You Probably Can't Spot an AI Fake Face. Researchers Think They Can Teach You
A team of scientists across three countries is testing whether ordinary people can be trained to tell real faces from AI-generated impostors. The early results are cautiously encouraging.

Key points
- AI-generated fake faces now fool most people on first glance, according to researchers at the Australian National University.
- Training people to look for obvious flaws like extra fingers no longer works reliably, because AI image tools have improved enough to avoid those errors.
- A research team working across Australia, Canada and the UK is developing more subtle detection methods that show early promise.
- Professor Amy Dawel, director of the ANU Emotions and Faces Lab, is leading the study.

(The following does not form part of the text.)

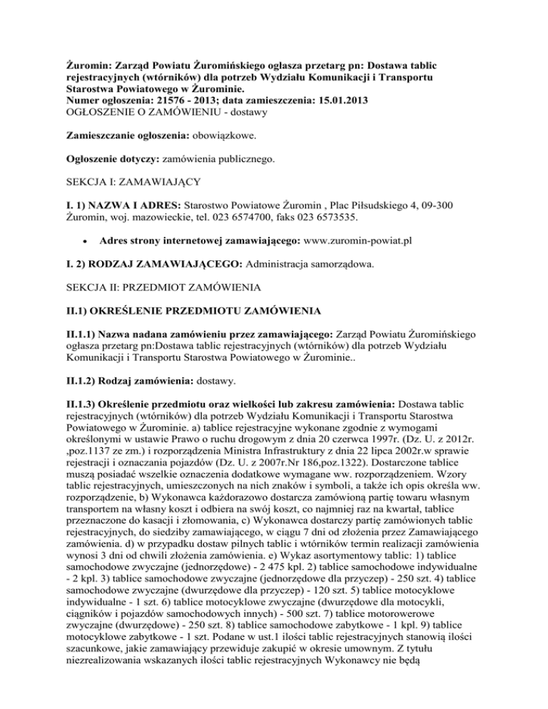 Żuromin: Zarząd Powiatu Żuromińskiego ogłasza przetarg pn: Dostawa tablic rejestracyjnych (wtórników) dla potrzeb Wydziału Komunikacji i Transportu Starostwa Powiatowego w Żurominie. Numer ogłoszenia: 21576 - 2013; data zamieszczenia: 15.01.2013 OGŁOSZENIE O ZAMÓWIENIU - dostawy Zamieszczanie ogłoszenia: obowiązkowe. Ogłoszenie dotyczy: zamówienia publicznego. SEKCJA I: ZAMAWIAJĄCY I. 1) NAZWA I ADRES: Starostwo Powiatowe Żuromin , Plac Piłsudskiego 4, 09-300 Żuromin, woj. mazowieckie, tel. 023 6574700, faks 023 6573535. Adres strony internetowej zamawiającego: www.zuromin-powiat.pl I. 2) RODZAJ ZAMAWIAJĄCEGO: Administracja samorządowa. SEKCJA II: PRZEDMIOT ZAMÓWIENIA II.1) OKREŚLENIE PRZEDMIOTU ZAMÓWIENIA II.1.1) Nazwa nadana zamówieniu przez zamawiającego: Zarząd Powiatu Żuromińskiego ogłasza przetarg pn:Dostawa tablic rejestracyjnych (wtórników) dla potrzeb Wydziału Komunikacji i Transportu Starostwa Powiatowego w Żurominie.. II.1.2) Rodzaj zamówienia: dostawy. II.1.3) Określenie przedmiotu oraz wielkości lub zakresu zamówienia: Dostawa tablic rejestracyjnych (wtórników) dla potrzeb Wydziału Komunikacji i Transportu Starostwa Powiatowego w Żurominie. a) tablice rejestracyjne wykonane zgodnie z wymogami określonymi w ustawie Prawo o ruchu drogowym z dnia 20 czerwca 1997r. (Dz. U. z 2012r. ,poz.1137 ze zm.) i rozporządzenia Ministra Infrastruktury z dnia 22 lipca 2002r.w sprawie rejestracji i oznaczania pojazdów (Dz. U. z 2007r.Nr 186,poz.1322). Dostarczone tablice muszą posiadać wszelkie oznaczenia dodatkowe wymagane ww. rozporządzeniem. Wzory tablic rejestracyjnych, umieszczonych na nich znaków i symboli, a także ich opis określa ww. rozporządzenie, b) Wykonawca każdorazowo dostarcza zamówioną partię towaru własnym transportem na własny koszt i odbiera na swój koszt, co najmniej raz na kwartał, tablice przeznaczone do kasacji i złomowania, c) Wykonawca dostarczy partię zamówionych tablic rejestracyjnych, do siedziby zamawiającego, w ciągu 7 dni od złożenia przez Zamawiającego zamówienia. d) w przypadku dostaw pilnych tablic i wtórników termin realizacji zamówienia wynosi 3 dni od chwili złożenia zamówienia. e) Wykaz asortymentowy tablic: 1) tablice samochodowe zwyczajne (jednorzędowe) - 2 475 kpl. 2) tablice samochodowe indywidualne - 2 kpl. 3) tablice samochodowe zwyczajne (jednorzędowe dla przyczep) - 250 szt. 4) tablice samochodowe zwyczajne (dwurzędowe dla przyczep) - 120 szt. 5) tablice motocyklowe indywidualne - 1 szt. 6) tablice motocyklowe zwyczajne (dwurzędowe dla motocykli, ciągników i pojazdów samochodowych innych) - 500 szt. 7) tablice motorowerowe zwyczajne (dwurzędowe) - 250 szt. 8) tablice samochodowe zabytkowe - 1 kpl. 9) tablice motocyklowe zabytkowe - 1 szt. Podane w ust.1 ilości tablic rejestracyjnych stanowią ilości szacunkowe, jakie zamawiający przewiduje zakupić w okresie umownym. Z tytułu niezrealizowania wskazanych ilości tablic rejestracyjnych Wykonawcy nie będą przysługiwały żadne roszczenia przeciwko zamawiającemu. UWAGA: liczba tablic może ulec zmniejszeniu jeżeli z przyczyn niezależnych od zamawiającego, ulegnie zmniejszeniu liczba tablic rejestracyjnych niezbędnych do zakupienia w postępowaniu dotyczącym rejestracji pojazdów.. II.1.4) Czy przewiduje się udzielenie zamówień uzupełniających: nie. II.1.5) Wspólny Słownik Zamówień (CPV): 14.70.00.00-8. II.1.6) Czy dopuszcza się złożenie oferty częściowej: nie. II.1.7) Czy dopuszcza się złożenie oferty wariantowej: nie. II.2) CZAS TRWANIA ZAMÓWIENIA LUB TERMIN WYKONANIA: Zakończenie: 31.12.2013. SEKCJA III: INFORMACJE O CHARAKTERZE PRAWNYM, EKONOMICZNYM, FINANSOWYM I TECHNICZNYM III.1) WADIUM Informacja na temat wadium: NIE DOTYCZY III.2) ZALICZKI Czy przewiduje się udzielenie zaliczek na poczet wykonania zamówienia: nie III.3) WARUNKI UDZIAŁU W POSTĘPOWANIU ORAZ OPIS SPOSOBU DOKONYWANIA OCENY SPEŁNIANIA TYCH WARUNKÓW III. 3.1) Uprawnienia do wykonywania określonej działalności lub czynności, jeżeli przepisy prawa nakładają obowiązek ich posiadania Opis sposobu dokonywania oceny spełniania tego warunku Zamawiający dokona oceny spełnienia tego warunku na podstawie treści złożonego przez wykonawcę oświadczenia na zasadzie spełnia /nie spełnia. III.3.2) Wiedza i doświadczenie o Opis sposobu dokonywania oceny spełniania tego warunku Zamawiający dokona oceny spełnienia tego warunku na podstawie treści złożonego przez wykonawcę oświadczenia na zasadzie spełnia /nie spełnia. III.3.3) Potencjał techniczny o Opis sposobu dokonywania oceny spełniania tego warunku Zamawiający dokona oceny spełnienia tego warunku na podstawie treści złożonego przez wykonawcę oświadczenia na zasadzie spełnia /nie spełnia. III.3.4) Osoby zdolne do wykonania zamówienia o Opis sposobu dokonywania oceny spełniania tego warunku Zamawiający dokona oceny spełnienia tego warunku na podstawie treści złożonego przez wykonawcę oświadczenia na zasadzie spełnia /nie spełnia. III.3.5) Sytuacja ekonomiczna i finansowa o Opis sposobu dokonywania oceny spełniania tego warunku o Zamawiający dokona oceny spełnienia tego warunku na podstawie treści złożonego przez wykonawcę oświadczenia na zasadzie spełnia /nie spełnia. III.4) INFORMACJA O OŚWIADCZENIACH LUB DOKUMENTACH, JAKIE MAJĄ DOSTARCZYĆ WYKONAWCY W CELU POTWIERDZENIA SPEŁNIANIA WARUNKÓW UDZIAŁU W POSTĘPOWANIU ORAZ NIEPODLEGANIA WYKLUCZENIU NA PODSTAWIE ART. 24 UST. 1 USTAWY III.4.1) W zakresie wykazania spełniania przez wykonawcę warunków, o których mowa w art. 22 ust. 1 ustawy, oprócz oświadczenia o spełnieniu warunków udziału w postępowaniu, należy przedłożyć: III.4.2) W zakresie potwierdzenia niepodlegania wykluczeniu na podstawie art. 24 ust. 1 ustawy, należy przedłożyć: oświadczenie o braku podstaw do wykluczenia III.7) Czy ogranicza się możliwość ubiegania się o zamówienie publ

Spotting a computer-generated face used to be straightforward. The AI would slip up: an extra finger, a melting ear, teeth that didn't quite fit. Fraudsters using fake profile photos to impersonate people online were, at least sometimes, caught out by those glitches.
That window is closing.
Professor Amy Dawel, director of the Emotions and Faces Lab at Australian National University in Canberra, says training people to hunt for visual oddities has run its course. "Training on visual artifacts, like looking for a sixth finger or odd earrings, has had limited success, partly because the AI is getting too good, and fraudsters may avoid using pictures with obvious flaws anyway," she told BBC News.
Dawel leads a research team studying whether people can still learn to reliably identify AI-generated faces. The short answer is yes, but the method has to change.
Why does this matter to ordinary people?
Fake faces are not an abstract problem. Fraudsters use convincing AI portraits to build false identities on dating apps, job platforms and social media. We reported on 10 July how criminals used AI-generated images to extort a missing man's family, demanding $6,000, a case that illustrates exactly how far this tactic has moved beyond catfishing.
The old advice, check if the ears look melted or count the fingers, is no longer enough. AI image generators improved precisely because researchers and the public kept flagging those mistakes. The systems adapted. The obvious tells vanished.
Dawel's team is now focused on subtler cues. Their work, first reported by BBC News, suggests that with the right guidance, people can still learn to distinguish real faces from generated ones. The research hasn't yet identified a single reliable trick to share publicly, partly because publishing a checklist would hand fraudsters a guide to what to fix next.
Should you worry about your own photos?
For anyone receiving an unsolicited message from an unfamiliar face: be sceptical of new online contacts you have never met in person, particularly if they avoid video calls or have very few older photos. A reverse image search, uploading a photo to a search engine to check where else it appears, can sometimes catch a recycled fake.
The technology creating fake faces is moving faster than most people's ability to detect them. Researchers are working to close that gap. The uncomfortable truth is that until they publish something actionable, a healthy pause before trusting a stranger's profile picture is about all any of us have.